[Stored data entries]
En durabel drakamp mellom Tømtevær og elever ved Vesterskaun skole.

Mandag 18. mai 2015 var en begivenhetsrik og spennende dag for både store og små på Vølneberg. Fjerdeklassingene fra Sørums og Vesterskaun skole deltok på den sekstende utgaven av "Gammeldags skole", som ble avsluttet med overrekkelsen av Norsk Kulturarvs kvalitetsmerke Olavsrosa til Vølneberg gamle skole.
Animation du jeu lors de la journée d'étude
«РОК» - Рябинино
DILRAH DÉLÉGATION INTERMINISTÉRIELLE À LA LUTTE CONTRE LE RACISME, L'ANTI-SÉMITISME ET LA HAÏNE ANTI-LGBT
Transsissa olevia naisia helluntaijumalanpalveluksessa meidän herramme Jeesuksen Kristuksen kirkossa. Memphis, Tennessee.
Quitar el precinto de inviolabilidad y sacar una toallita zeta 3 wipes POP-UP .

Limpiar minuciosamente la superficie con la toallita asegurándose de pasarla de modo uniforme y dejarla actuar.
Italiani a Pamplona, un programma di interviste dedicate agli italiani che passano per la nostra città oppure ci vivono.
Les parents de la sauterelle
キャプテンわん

--

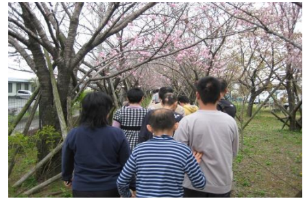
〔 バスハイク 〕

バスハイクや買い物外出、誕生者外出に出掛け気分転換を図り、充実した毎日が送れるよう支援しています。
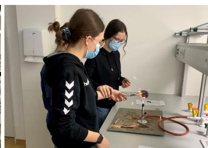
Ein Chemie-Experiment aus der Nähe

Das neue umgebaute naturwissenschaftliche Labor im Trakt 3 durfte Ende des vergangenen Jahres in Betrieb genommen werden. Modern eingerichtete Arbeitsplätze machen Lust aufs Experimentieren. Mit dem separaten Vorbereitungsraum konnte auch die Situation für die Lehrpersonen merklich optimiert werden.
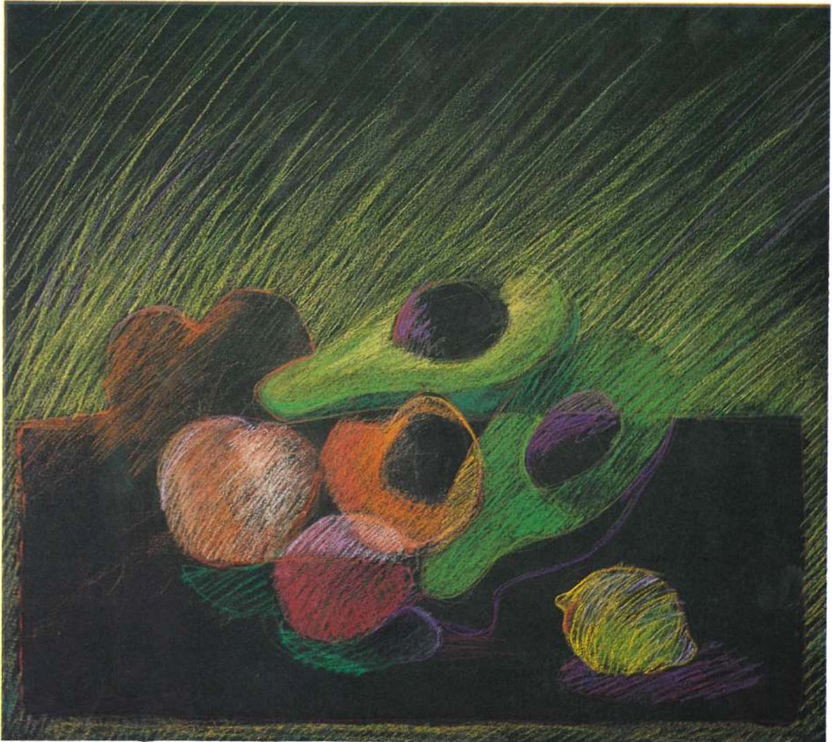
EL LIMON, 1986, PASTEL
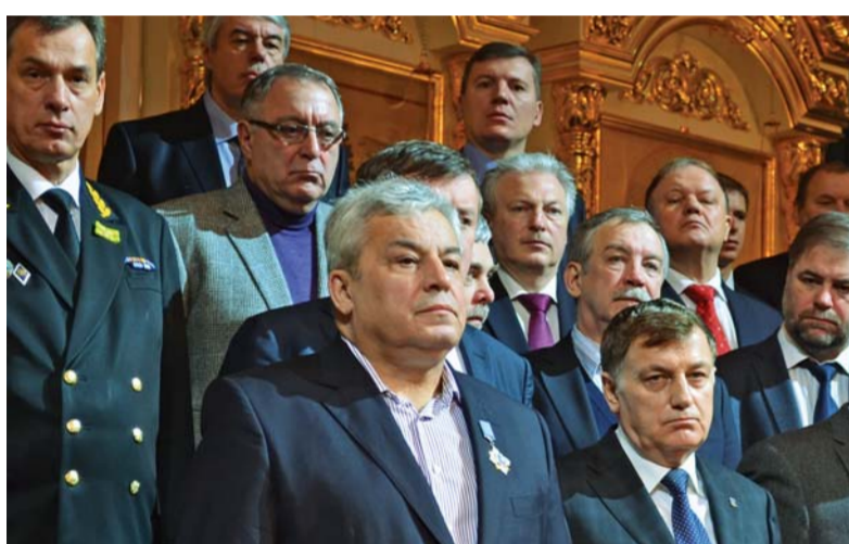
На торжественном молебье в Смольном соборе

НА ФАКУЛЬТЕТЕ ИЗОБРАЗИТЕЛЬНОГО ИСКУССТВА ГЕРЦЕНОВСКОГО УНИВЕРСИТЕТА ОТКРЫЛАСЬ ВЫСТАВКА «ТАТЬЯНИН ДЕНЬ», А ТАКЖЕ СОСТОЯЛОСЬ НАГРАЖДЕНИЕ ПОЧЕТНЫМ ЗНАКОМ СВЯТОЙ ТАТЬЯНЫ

*Problem statement*.
What is needed is a verbatim copy of every line in the records above from the one containing "На торжественном молебье в Смольном соборе" down to the one containing "НА ФАКУЛЬТЕТЕ ИЗОБРАЗИТЕЛЬНОГО", both included, and nothing more.

*Result of the exercise*.
На торжественном молебье в Смольном соборе

НА ФАКУЛЬТЕТЕ ИЗОБРАЗИТЕЛЬНОГО ИСКУССТВА ГЕРЦЕНОВСКОГО УНИВЕРСИТЕТА ОТКРЫЛАСЬ ВЫСТАВКА «ТАТЬЯНИН ДЕНЬ», А ТАКЖЕ СОСТОЯЛОСЬ НАГРАЖДЕНИЕ ПОЧЕТНЫМ ЗНАКОМ СВЯТОЙ ТАТЬЯНЫ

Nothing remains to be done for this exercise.